A star financial adviser for Royal Alliance Associates Inc., who courted controversy last year when she criticized the firm's parent company, American International Group Inc., has joined Sterne Agee Financial Services Inc.
Meg Green on Aug. 31 left Royal Alliance, part of the Advisor Group broker-dealer network owned by AIG.
Ms. Greene is perennially listed by Barron's magazine as one of America's top 100 female advisers, and her eponymous firm manages $650 million.
CONFERENCE ISSUES
A Royal Alliance adviser for 28 years, Ms. Green last year made clear that she was disenchanted with Advisor Group's plans to hold one joint conference for its three broker-dealers instead of a conference for each.
Ms. Greene intepreted that as an effort by AIG toward more sharing of services at the three B-Ds.
“You just saw it: AIG was moving towards merging the three broker-dealers into one. But we don't want to swim in the public pool; we want to be with our own,” Ms. Green told industry news website AdvisorOne.

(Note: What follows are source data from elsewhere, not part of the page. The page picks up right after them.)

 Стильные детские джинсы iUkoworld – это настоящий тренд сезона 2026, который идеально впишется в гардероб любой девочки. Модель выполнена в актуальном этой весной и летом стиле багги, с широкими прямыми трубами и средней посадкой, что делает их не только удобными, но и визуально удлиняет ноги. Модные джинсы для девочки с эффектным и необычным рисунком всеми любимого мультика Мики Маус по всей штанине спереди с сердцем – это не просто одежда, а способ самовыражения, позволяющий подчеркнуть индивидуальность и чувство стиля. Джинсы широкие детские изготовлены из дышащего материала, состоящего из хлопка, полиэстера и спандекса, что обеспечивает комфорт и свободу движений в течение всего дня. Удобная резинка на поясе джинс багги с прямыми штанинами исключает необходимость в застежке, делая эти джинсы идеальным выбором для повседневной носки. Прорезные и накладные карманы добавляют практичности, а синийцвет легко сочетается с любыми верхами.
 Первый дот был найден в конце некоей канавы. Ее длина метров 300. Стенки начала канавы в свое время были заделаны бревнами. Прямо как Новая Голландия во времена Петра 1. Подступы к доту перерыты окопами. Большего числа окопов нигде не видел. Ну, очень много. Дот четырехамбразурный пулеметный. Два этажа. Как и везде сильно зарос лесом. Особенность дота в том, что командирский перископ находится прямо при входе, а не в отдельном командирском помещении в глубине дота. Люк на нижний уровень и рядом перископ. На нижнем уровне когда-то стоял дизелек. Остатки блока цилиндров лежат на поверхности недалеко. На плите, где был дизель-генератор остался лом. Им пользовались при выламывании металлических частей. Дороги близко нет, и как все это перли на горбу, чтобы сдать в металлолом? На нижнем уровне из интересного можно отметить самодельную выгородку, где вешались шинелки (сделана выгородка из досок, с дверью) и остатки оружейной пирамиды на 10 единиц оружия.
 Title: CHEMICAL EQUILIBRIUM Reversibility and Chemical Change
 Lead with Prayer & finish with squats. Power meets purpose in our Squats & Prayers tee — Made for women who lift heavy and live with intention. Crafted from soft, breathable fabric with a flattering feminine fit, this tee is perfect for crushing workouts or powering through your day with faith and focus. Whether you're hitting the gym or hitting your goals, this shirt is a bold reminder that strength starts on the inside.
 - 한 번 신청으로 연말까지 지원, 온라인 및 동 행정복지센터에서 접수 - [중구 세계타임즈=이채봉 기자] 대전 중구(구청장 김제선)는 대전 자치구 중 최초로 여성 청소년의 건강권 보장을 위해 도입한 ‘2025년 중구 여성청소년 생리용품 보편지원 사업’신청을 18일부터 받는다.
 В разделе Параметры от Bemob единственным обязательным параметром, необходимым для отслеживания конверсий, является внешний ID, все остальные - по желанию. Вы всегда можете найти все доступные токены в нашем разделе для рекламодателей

“We don't want to be the AIG Advisor Group; we want to be Royal Alliance. We're bigger and smarter and do more business than” FSC Securities Corp. and SagePoint Financial Inc., the other two broker-dealers in the network at the time, according to the website.
In an interview last Monday, Ms. Green said that she had made those comments privately to a reporter and apologized for them later.
“I was skewed. I apologized for the rotten way it became a headline,” Ms. Green said.
“I felt horrible about it later,” she said. “It's not me.”
Gil Weinreich, editor-in-chief of Research, which is published by the same company as the AdvisorOne website, disagrees with Ms. Green's version of what happened.
“Meg Green did not make those comments "privately' — it was all on the record,” Mr. Weinreich wrote in an e-mail. “In fact, we have the entire interview recorded on tape. That's why we stood by our story. She was not "skewed' but rather hoisted herself on her own petard.”
As for leaving Royal Alliance, Ms. Green said that the firm “has been stand-up.”
“They didn't want us to go. This was not their call,” Ms. Green said.
She said that her firm has worked closely with Sterne Agee over the past eight months to build the new platform and likened the firm to the “new kid on the block.”
Advisor Group spokeswoman Linda Malamut said: “We wish Meg Green and her team the best. Advisor Group continues to grow and recruit talented advisers to our firms. We are absolutely committed to Royal Alliance, FSC and SagePoint Financial, and their individual cultures, and are eager to welcome Woodbury Financial [Services Inc.] and their advisers when they join our organization.”
Ms. Green said that she discussed the importance of firm culture with AIG chief executive Robert Benmosche and Jay Wintrob, executive vice president of domestic life and retirement services, but their concerns lay elsewhere.
“They didn't understand culture; they understand business,” Ms. Green said.
“I was looking for culture, but it was dissipated” at the AIG broker-dealers, she said.
“Bigger is good for them, not for us,” Ms. Green said.
Sterne Agee, which offers trust services, research and investment banking, is the boutique-type of self-clearing broker-dealer she was seeking, she said.
“We're really the first ones on this part of [Sterne Agee's] platform,” Ms. Green said.